My fellow adventurer was Dave Landreth. When we met up at the junction of Trout Branch and Walker Camp Prong, we saw that water levels in the stream were very low.

Dave finds it easy to negotiate the nearly dry streambed. Notice how the little pool at right is deep blue, while everything else is green.
I apologize for the poor quality of images in shady places. I need to learn how to adjust the settings of my new camera for these kinds of scenes. The photo below is subpar, but I include it because I want you to get an idea—even if just a hint—of how beautiful some of the pools are. This one had a little cascade running down to it.
As we got out of the main valley and started climbing more steeply, we encountered a series of sandstone shelves, each one in the range of five to ten feet high, a sort of repeated geological theme. Both sides of the stream channel were generally bounded by dense rhodo, so that you needed to find a way to get up these smooth ledges. I nearly always decline the offer of a hand up, but in one spot Dave hoisted me up a difficult spot and saved me a lot of trouble bypassing the ledge. Some of the ledges sported a fur coat of moss.

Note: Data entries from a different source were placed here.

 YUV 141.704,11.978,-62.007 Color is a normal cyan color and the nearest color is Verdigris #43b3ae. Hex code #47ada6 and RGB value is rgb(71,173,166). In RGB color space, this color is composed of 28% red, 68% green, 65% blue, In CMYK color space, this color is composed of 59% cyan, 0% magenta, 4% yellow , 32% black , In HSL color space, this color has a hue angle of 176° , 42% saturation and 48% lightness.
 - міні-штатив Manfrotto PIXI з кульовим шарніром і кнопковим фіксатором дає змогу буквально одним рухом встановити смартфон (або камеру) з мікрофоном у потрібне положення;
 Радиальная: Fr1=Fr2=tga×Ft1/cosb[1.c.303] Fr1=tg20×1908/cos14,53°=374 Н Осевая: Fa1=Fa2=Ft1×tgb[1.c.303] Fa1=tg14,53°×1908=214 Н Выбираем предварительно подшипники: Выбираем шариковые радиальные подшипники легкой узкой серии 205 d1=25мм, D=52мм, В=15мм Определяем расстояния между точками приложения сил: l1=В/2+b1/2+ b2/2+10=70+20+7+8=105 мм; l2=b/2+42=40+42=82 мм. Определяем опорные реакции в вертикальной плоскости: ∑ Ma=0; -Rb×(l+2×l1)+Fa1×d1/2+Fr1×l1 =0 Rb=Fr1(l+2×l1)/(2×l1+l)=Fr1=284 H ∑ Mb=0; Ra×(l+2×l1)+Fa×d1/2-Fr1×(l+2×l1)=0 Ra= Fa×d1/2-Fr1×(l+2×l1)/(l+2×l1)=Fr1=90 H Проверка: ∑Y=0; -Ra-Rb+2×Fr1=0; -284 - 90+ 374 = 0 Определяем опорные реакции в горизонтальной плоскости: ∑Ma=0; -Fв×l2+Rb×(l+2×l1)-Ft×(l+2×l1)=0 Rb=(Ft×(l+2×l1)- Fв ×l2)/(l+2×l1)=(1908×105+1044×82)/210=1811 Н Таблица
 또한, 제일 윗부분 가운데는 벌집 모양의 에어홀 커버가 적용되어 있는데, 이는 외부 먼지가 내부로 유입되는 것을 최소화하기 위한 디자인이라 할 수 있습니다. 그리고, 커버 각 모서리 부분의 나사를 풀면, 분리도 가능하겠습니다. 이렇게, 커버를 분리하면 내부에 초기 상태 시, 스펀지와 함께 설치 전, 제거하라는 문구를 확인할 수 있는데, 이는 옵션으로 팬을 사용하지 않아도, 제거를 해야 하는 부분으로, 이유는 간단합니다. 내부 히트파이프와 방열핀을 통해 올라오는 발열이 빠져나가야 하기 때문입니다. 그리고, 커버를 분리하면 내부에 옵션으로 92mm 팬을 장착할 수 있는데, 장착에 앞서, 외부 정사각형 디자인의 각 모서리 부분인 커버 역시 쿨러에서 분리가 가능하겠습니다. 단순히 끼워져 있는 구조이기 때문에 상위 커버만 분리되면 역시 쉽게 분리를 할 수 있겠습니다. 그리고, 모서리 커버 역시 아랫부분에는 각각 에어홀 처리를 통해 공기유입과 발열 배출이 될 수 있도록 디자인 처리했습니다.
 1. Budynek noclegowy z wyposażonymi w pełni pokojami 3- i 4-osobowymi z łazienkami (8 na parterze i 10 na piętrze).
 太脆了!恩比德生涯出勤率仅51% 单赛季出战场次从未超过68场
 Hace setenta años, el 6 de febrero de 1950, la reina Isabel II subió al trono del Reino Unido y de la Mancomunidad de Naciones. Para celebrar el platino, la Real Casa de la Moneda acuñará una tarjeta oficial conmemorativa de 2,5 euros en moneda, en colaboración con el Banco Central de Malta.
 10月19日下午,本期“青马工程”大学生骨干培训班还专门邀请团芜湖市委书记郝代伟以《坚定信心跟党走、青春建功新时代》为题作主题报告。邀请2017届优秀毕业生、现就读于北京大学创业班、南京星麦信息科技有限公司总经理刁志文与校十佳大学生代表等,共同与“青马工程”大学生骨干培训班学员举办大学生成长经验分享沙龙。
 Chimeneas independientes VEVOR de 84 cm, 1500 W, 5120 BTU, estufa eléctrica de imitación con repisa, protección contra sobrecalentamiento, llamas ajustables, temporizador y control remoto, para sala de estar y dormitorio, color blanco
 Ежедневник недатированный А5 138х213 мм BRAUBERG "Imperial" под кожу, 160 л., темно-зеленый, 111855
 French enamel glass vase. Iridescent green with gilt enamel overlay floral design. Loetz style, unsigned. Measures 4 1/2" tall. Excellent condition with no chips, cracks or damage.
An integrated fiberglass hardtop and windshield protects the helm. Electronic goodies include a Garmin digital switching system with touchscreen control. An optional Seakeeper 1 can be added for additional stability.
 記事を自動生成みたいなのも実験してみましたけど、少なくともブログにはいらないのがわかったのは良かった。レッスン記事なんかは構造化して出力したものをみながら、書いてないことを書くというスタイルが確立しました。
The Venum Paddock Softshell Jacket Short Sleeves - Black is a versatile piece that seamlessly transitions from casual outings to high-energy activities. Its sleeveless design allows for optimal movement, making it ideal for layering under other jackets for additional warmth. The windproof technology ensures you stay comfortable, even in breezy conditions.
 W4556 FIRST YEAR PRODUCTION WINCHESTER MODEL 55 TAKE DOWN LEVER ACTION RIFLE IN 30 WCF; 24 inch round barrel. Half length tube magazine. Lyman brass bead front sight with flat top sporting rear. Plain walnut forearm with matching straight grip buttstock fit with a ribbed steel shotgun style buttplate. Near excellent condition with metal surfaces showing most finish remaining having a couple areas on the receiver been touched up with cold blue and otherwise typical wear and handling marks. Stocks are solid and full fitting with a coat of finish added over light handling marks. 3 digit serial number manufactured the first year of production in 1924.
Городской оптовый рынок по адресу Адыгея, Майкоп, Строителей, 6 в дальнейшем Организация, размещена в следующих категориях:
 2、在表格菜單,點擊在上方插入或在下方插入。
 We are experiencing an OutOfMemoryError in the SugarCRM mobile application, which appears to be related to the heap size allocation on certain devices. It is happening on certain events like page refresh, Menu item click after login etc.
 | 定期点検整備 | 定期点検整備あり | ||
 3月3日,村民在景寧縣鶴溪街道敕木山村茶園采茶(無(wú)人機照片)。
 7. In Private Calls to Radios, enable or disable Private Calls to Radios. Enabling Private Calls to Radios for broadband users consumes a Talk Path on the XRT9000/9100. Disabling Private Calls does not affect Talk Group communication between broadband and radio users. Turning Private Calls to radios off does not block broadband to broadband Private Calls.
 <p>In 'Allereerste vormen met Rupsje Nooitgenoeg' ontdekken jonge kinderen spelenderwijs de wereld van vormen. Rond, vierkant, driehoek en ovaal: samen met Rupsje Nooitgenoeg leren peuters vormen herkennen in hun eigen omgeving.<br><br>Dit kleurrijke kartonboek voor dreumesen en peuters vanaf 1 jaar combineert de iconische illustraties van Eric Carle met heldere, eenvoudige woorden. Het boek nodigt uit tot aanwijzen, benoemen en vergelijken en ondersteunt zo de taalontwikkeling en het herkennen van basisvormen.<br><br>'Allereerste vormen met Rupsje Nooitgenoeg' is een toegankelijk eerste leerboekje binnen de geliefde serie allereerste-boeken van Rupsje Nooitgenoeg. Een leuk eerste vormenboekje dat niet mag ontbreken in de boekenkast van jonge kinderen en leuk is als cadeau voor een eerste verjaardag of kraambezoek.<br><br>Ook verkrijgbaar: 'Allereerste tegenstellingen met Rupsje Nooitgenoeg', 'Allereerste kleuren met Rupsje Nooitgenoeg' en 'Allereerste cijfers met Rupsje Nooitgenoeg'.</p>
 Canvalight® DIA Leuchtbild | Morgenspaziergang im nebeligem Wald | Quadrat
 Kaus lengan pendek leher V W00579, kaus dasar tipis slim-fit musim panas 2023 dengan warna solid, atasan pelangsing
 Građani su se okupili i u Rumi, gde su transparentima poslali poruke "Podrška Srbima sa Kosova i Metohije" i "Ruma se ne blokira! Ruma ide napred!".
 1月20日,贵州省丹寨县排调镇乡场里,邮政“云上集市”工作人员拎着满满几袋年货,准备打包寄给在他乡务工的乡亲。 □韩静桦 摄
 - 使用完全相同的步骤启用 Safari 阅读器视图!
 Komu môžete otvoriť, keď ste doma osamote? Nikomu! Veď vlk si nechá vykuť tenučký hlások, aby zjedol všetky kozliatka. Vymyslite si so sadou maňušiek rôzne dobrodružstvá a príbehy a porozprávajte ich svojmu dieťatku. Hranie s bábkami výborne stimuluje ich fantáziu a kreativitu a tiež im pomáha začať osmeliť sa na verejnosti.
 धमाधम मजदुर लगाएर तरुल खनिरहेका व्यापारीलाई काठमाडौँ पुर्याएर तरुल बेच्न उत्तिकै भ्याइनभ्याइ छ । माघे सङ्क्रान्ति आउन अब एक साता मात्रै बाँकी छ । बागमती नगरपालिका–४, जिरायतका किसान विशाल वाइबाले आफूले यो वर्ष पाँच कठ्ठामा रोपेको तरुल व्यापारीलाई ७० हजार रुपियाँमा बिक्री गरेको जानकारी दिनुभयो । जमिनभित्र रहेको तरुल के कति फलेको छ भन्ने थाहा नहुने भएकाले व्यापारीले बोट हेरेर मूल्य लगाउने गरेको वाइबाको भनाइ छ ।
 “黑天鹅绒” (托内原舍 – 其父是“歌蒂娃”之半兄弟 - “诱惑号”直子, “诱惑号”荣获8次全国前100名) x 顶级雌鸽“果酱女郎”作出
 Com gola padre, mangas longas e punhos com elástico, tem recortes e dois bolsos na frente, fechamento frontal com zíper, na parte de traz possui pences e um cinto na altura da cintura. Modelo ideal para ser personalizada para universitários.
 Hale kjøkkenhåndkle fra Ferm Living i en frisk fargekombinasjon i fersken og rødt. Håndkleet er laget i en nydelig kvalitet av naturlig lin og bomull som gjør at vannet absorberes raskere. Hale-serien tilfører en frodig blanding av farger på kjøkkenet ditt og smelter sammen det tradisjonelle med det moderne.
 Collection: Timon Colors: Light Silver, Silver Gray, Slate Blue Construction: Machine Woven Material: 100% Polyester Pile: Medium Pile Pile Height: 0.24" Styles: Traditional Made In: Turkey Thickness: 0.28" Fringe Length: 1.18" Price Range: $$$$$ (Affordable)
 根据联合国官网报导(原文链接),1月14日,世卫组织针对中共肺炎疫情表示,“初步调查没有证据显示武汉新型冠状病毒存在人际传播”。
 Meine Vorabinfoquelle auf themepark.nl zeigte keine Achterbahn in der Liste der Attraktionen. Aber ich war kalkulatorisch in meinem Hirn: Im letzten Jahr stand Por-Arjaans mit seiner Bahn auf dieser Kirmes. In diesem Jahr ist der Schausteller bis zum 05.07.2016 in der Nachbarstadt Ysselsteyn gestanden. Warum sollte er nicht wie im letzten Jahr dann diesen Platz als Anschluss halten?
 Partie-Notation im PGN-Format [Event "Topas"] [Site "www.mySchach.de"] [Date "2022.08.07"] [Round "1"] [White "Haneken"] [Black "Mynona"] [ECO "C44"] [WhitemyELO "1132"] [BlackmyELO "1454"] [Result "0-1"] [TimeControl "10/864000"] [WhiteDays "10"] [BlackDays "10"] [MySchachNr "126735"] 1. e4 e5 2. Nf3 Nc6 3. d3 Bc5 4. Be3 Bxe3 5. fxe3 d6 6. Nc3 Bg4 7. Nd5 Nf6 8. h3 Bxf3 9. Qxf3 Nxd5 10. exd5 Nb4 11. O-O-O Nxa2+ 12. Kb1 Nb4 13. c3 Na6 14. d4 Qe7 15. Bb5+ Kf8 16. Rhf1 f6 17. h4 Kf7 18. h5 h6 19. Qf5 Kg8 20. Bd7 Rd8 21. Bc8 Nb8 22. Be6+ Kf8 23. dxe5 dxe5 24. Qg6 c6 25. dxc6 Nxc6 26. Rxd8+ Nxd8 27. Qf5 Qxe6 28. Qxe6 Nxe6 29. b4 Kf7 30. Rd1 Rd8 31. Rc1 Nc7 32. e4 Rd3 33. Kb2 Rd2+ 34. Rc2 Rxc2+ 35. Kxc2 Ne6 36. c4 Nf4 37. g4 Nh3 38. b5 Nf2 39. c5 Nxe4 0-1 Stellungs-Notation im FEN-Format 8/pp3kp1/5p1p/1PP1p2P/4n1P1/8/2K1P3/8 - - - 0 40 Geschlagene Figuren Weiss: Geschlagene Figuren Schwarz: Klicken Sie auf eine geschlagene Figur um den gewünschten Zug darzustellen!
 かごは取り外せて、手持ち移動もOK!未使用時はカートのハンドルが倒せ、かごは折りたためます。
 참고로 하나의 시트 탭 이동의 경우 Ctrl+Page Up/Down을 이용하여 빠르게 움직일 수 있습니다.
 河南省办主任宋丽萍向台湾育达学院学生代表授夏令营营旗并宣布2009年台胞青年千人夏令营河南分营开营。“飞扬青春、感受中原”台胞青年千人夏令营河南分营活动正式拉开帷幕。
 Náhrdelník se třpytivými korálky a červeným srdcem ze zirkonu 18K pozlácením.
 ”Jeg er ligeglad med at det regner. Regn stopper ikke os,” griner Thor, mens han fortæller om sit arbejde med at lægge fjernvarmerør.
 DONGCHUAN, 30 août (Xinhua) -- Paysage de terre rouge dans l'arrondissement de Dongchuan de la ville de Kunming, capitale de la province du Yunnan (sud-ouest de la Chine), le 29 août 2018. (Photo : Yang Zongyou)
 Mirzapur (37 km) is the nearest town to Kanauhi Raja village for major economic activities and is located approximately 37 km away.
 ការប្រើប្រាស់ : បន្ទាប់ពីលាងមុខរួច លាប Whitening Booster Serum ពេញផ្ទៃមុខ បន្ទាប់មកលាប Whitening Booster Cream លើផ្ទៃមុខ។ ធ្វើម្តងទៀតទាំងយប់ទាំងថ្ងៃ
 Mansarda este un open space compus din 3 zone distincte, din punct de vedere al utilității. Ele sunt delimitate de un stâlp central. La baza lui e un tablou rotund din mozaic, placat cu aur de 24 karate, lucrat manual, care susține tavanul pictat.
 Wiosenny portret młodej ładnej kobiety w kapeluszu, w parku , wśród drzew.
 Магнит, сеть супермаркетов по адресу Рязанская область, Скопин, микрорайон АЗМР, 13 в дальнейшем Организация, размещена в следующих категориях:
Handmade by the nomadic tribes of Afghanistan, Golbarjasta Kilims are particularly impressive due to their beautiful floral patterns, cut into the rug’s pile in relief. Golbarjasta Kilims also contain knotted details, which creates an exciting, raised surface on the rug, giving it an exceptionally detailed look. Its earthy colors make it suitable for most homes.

These kinds of places are somehow deeply restorative, their value intensified by the difficulty involved in reaching them.
We reached the sunnier spaces of the upper slope.
This route does not feature the slide climbing of the next fork over, but we encountered sections of rock—now changing over to Anakeesta—alternating with forest floor. The streambed still carried some water.
As we approached the ridgecrest, we encountered grassy spots mixed in with rhodo and rock slabs.
We climbed through some blowdown, but it wasn’t severe.
We intersected the ridge a bit east of the saddle between West Point and the Alum Cave trail, and followed the fairly clear manway over to the trail. Then it was up to the Lodge for some basking in the sun. It was an utterly gorgeous fall day, when the sunshine beams down benevolently and the world seems to shine.